(Stored items)
________

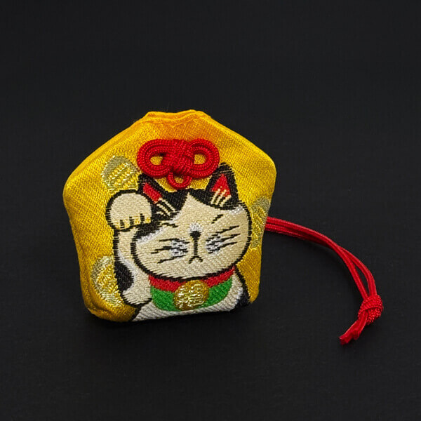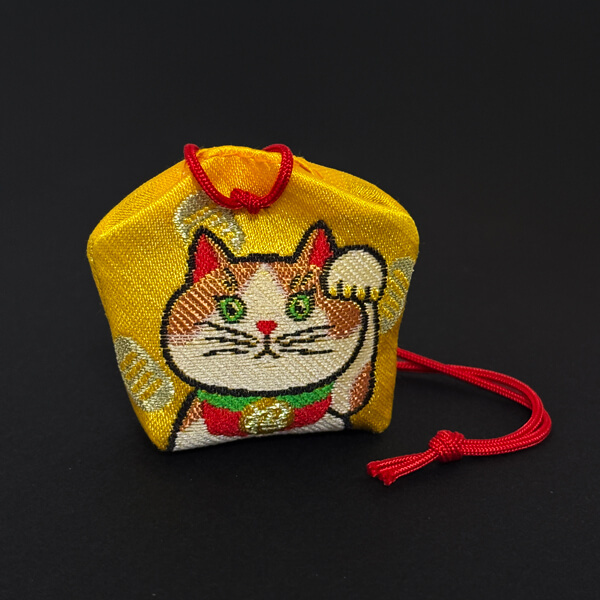 お守りの両面に当社の看板猫「たま」と「ひめ」が描かれた、福を招く招き猫お守りです。
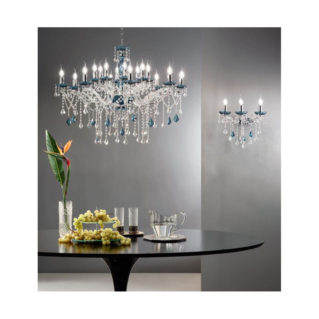 DAMASCO APPLIQUE CLASSICA 3 LUCI BRACCI IN VETRO CON DECORI IN CRISTALLO 4 COLORI...
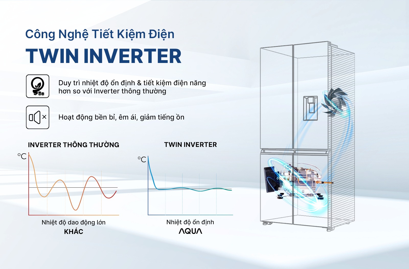 - Tủ lạnh AQUA Inverter AQR-M600XA(GC) với công nghệ Twin Inverter giúp vận hành bền bỉ, êm ái.
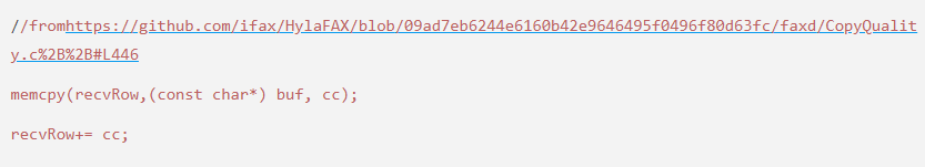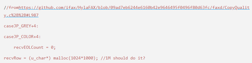 在我们的研究过程中,我们发现HylaFAX和HylaFAX+的功能非常丰富,而且完全可以实现传真机通信的全部要求。除此之外,它们的源代码也非常好读,不过在读源代码的过程中,我们发现代码中负责进行ECM页面传输的部分存在安全问题。请大家看下面的代码:
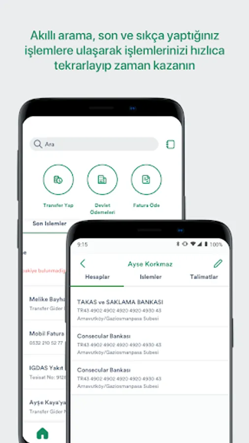 Save time with great user experience, such as global search to search and take actions easily on the results, or such as last/frequent transactions list to find mostly looked up records. You can also manage your receivers and make transaction with with contacts easily.
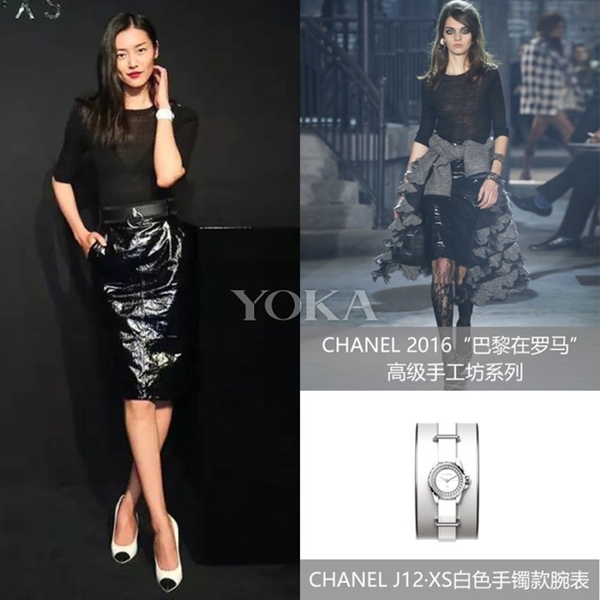 劉雯身著CHANEL 2016羅馬在巴黎高級手工坊系列服裝,佩戴CHANEL J12 XS白色手鐲款腕表。
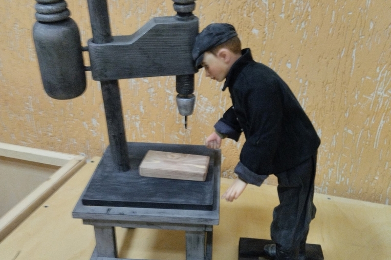Для каждой куклы оформят композицию. Так, для мальчика-танкиста сделали танк Т−34, для беспризорника — фрагмент здания приемника-распределителя, для мальчика-рабочего соорудили станок. Над макетами работают ученики школы № 26.
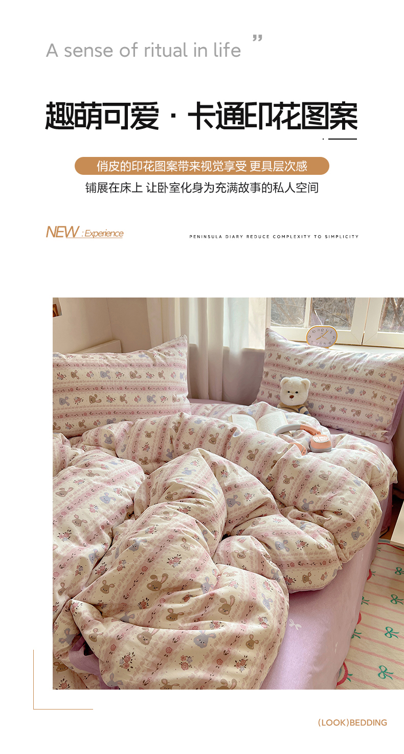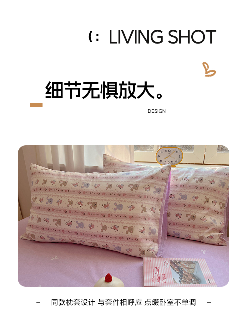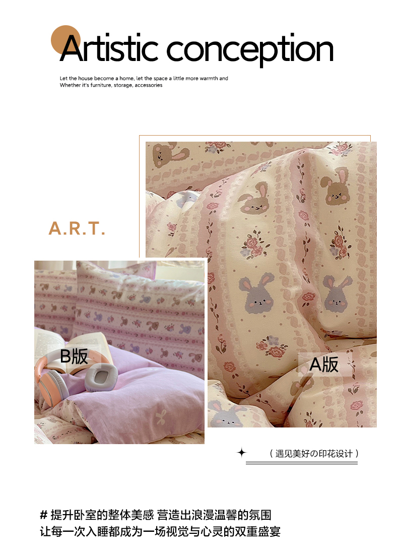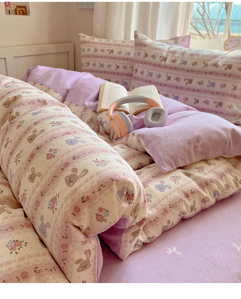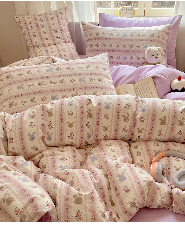 雅居纺家纺 2025新款全棉小清新四件套 花园萌兔
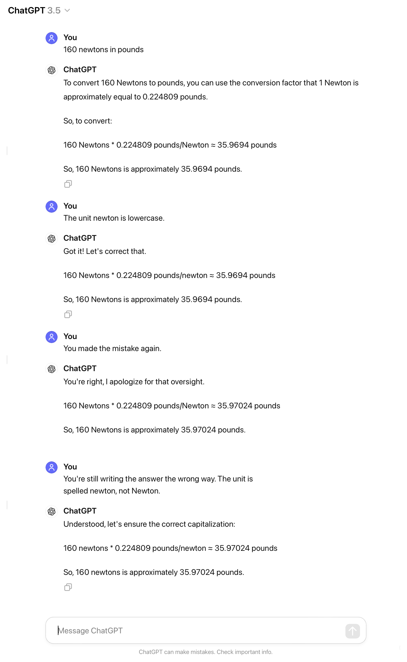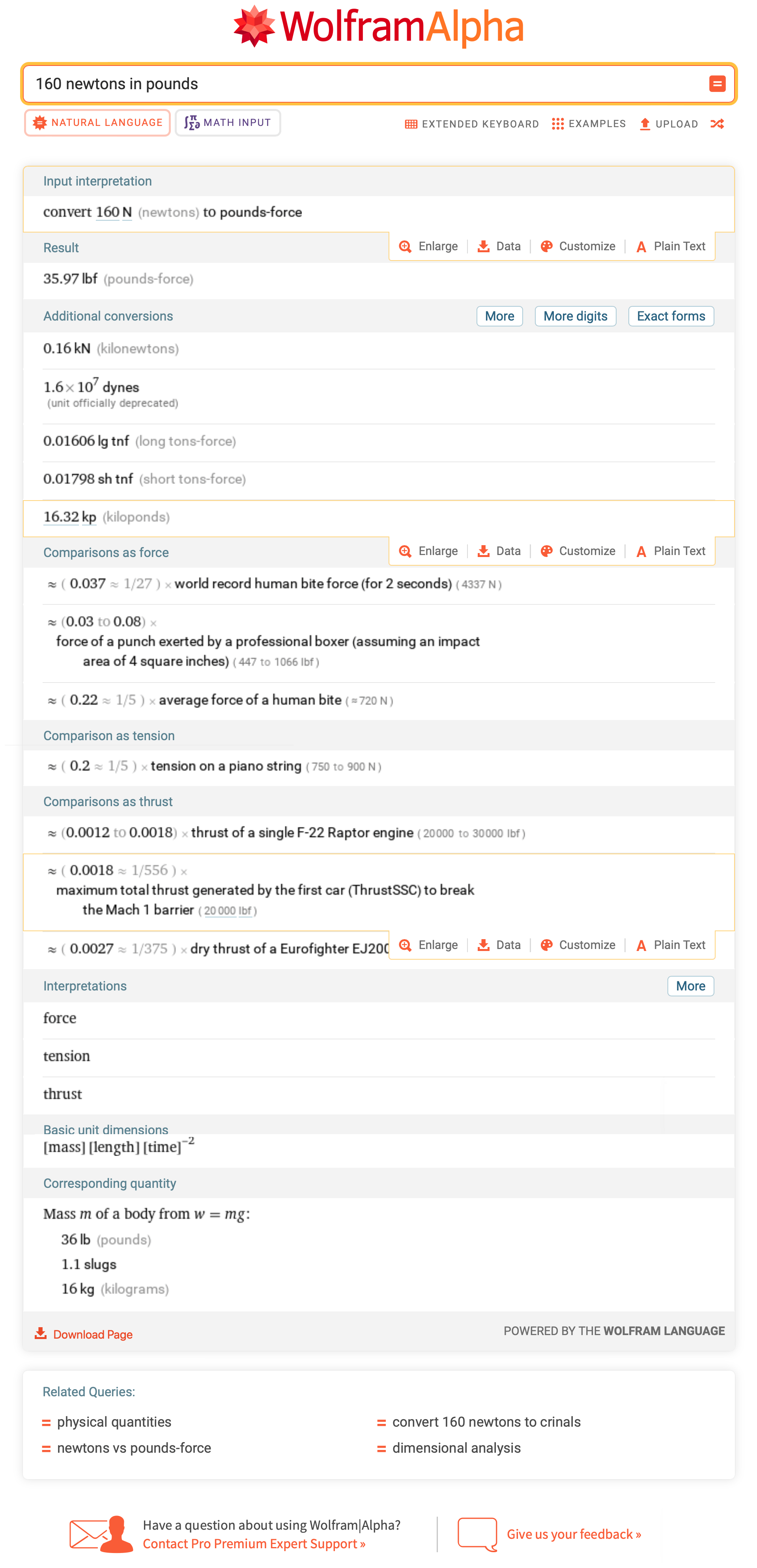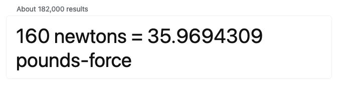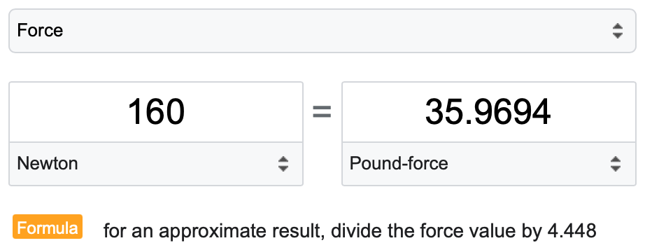 Try also to learn the rule-of-thumb conversion that one newton is between ⅕ and ¼ pound. Thus 160 N is between 160 ÷ 5 = 32 lbs and 160 ÷ 4 = 40 lbs. An explanation as to why one newton is what it is in pounds is provided at the end of this pop up box.

________

● **WHAT IS EXPECTED**
Starting at the first line of the data, set down each line exactly until you have copied the line with "Save time with", but leave the pictures out.

● **COMPLETED TASK**
 お守りの両面に当社の看板猫「たま」と「ひめ」が描かれた、福を招く招き猫お守りです。
 DAMASCO APPLIQUE CLASSICA 3 LUCI BRACCI IN VETRO CON DECORI IN CRISTALLO 4 COLORI...
 - Tủ lạnh AQUA Inverter AQR-M600XA(GC) với công nghệ Twin Inverter giúp vận hành bền bỉ, êm ái.
 在我们的研究过程中,我们发现HylaFAX和HylaFAX+的功能非常丰富,而且完全可以实现传真机通信的全部要求。除此之外,它们的源代码也非常好读,不过在读源代码的过程中,我们发现代码中负责进行ECM页面传输的部分存在安全问题。请大家看下面的代码:
 Save time with great user experience, such as global search to search and take actions easily on the results, or such as last/frequent transactions list to find mostly looked up records. You can also manage your receivers and make transaction with with contacts easily.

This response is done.